Clean up with reject-ingest <sid> (which knows how to remove pending artifacts and any contributions written into the wiki). The interactive review and reading-approval gates are out of scope for QA seeding — exercise them manually if you need to test those paths.

After every code assignment

Run these in order:

uv sync --dev          # keep dependencies fresh
uv run ruff check      # lint
uv run ruff format     # format
uv run ty check        # type-check
uv run pytest          # run tests

If the change touched any of:

  • Environment variables or config keys.
  • On-disk layout under sources/, <category>/, or ~/.auto-lorebook/.
  • Architecture (pipeline stages, entity model, artifact hashing).

Update the matching page under docs/ in the same commit, then run:

uv run mkdocs build --strict

Doc drift is a CI failure, not a future cleanup task.

Technical writing style

Docstrings and inline comments use telegraphic style:

  • Omit articles ("the", "a"), auxiliary verbs, unnecessary prepositions, filler words.
  • Keep nouns, verbs, adjectives, key modifiers.
  • Don't restate types already in signatures.
  • Don't summarize functions when the name is self-explanatory.
  • Start inline comments lowercase.
  • Use periods only for full sentences.

Wiki pages (docs/*.md) keep full sentences for readability, but still aim for concise — trim wordiness, filler, restating.

Behavior guidelines

These reduce common LLM coding mistakes.

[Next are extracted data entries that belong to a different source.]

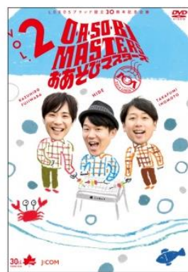
「O・A・SO・BI MASTERS ～おあそびマスターズ～」 (Vol.1もしくは、Vol.2のどちらか) ¥2,500(税別)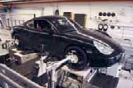
Messtechnik zur Fahrwerk-Erprobung.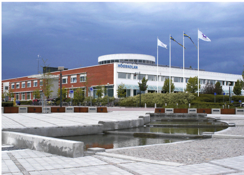
Högskolan Dalarna, Borlänge.

Utvärderingen konstaterar vidare att de medel som samverkansprojektet fått, är ett kvitto på att Arbetslivsinstitutet lyckats väl med sitt uppdrag.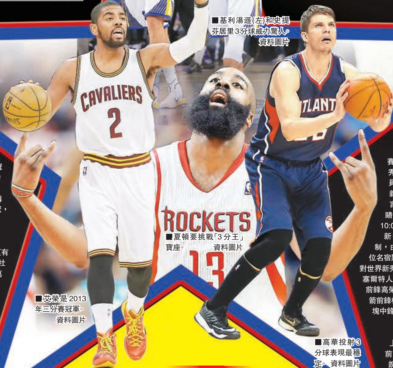
■夏頓要挑戰「3分王」寶座。資料圖片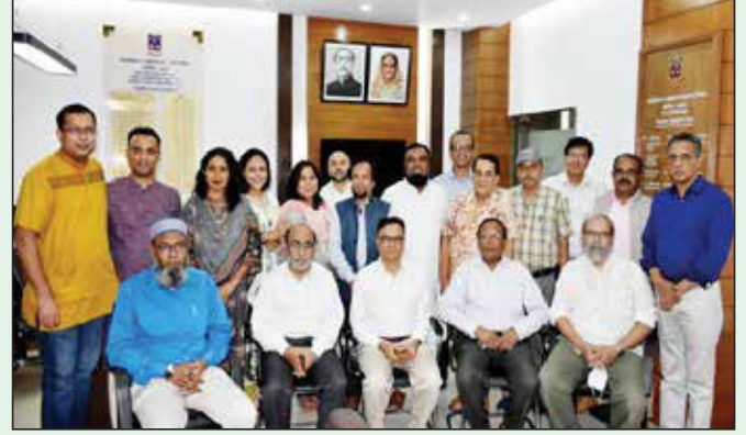
তথ্যবিজ্ঞান ও গ্রন্থাগার ব্যবস্থাপনা বিভাগ এলামনাই এসোসিয়েশন কার্যনির্বাহী কমিটির প্রথম সভায় উপস্থিত সদস্যবৃন্দ

ও গ্রন্থাগার ব্যবস্থাপনা বিভাগের সকল নিয়মিত শিক্ষার্থীরা ১৫০০ টাকা ফি প্রদান করে এই এলামনাই এসোসিয়েশনের সদস্য হতে পারবেন।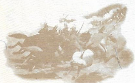
BATALLA DE CARABOBO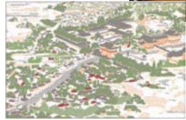
重ね押しスタンプ(完成イメージ)

柴又八幡神社(柴又3-30-24)、柴又帝釈天参道(旧富士見屋米店(柴又7-1-5))、山本亭(柴又7-19-32)、寅さん記念館(柴又6-22-19) ゴール：柴又帝釈天(柴又7-10-3)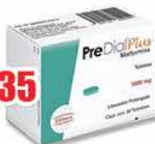
PREDIAL PLUS 30 TABS 1000MG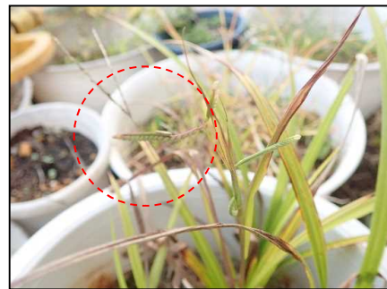
スズメノコビエの開花状況(R3.11.1)

採取したコカモメヅルとスズメノコビエを育成し、種子の採取及び播種により移植のための苗の生産を行う。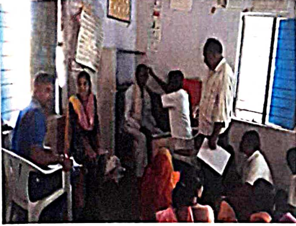
नेत्र तपासणी शिबिर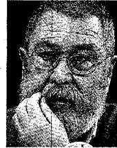
Cándido Méndez

SEVILLA. El secretario general de UGT, Cándido Méndez, manifestó ayer que tienen «la voluntad» de alcanzar un acuerdo sobre la reforma laboral para presentarlo la próxima semana antes del Consejo de Ministros, aunque debe ser «equilibrado y razonable». Méndez explicó en una entrevista del programa 'La calle de en medio' de Canal Sur Radio que se han agotado «los márgenes que razonablemente se pueden alcanzar» y que hay una serie de reivindicaciones por parte de la patronal que rebasan «de una manera excesiva cualquier tipo de límites», por lo que espera que rebajen esas pretensiones. Aunque las posiciones entre las partes siguen alejadas sobre todo en materia de contratos y despidos, parece más cercana la posibilidad de alcanzar un acuerdo.

For trivial tasks, use judgment; the guidelines bias toward caution over speed.

Think before coding

  • State assumptions explicitly. If uncertain, ask.
  • If multiple interpretations exist, present them — don't pick silently.
  • If a simpler approach exists, say so. Push back when warranted.
  • If something is unclear, stop. Name what's confusing. Ask.

Simplicity first

  • No features beyond what was asked.
  • No abstractions for single-use code.
  • No flexibility or configurability that wasn't requested.
  • No error handling for impossible scenarios.

Ask yourself: "Would a senior engineer say this is overcomplicated?" If yes, simplify.

Surgical changes

  • Touch only what you must.
  • Don't "improve" adjacent code, comments, or formatting.
  • Don't refactor things that aren't broken.
  • Match existing style, even if you'd do it differently.
  • If you notice unrelated dead code, mention it — don't delete it.

Every changed line should trace directly to the user's request.

Goal-driven execution

Transform tasks into verifiable goals:

  • "Add validation" → "Write tests for invalid inputs, then make them pass."
  • "Fix the bug" → "Write a test that reproduces it, then make it pass."
  • "Refactor X" → "Ensure tests pass before and after."

Strong success criteria let you loop independently. Weak criteria ("make it work") require constant clarification.

Pull requests

Keep PRs narrow. One feature or fix per PR. Reference the spec section or docs page any non-obvious decision draws from. If the change touches architecture, update docs/architecture/ in the same commit.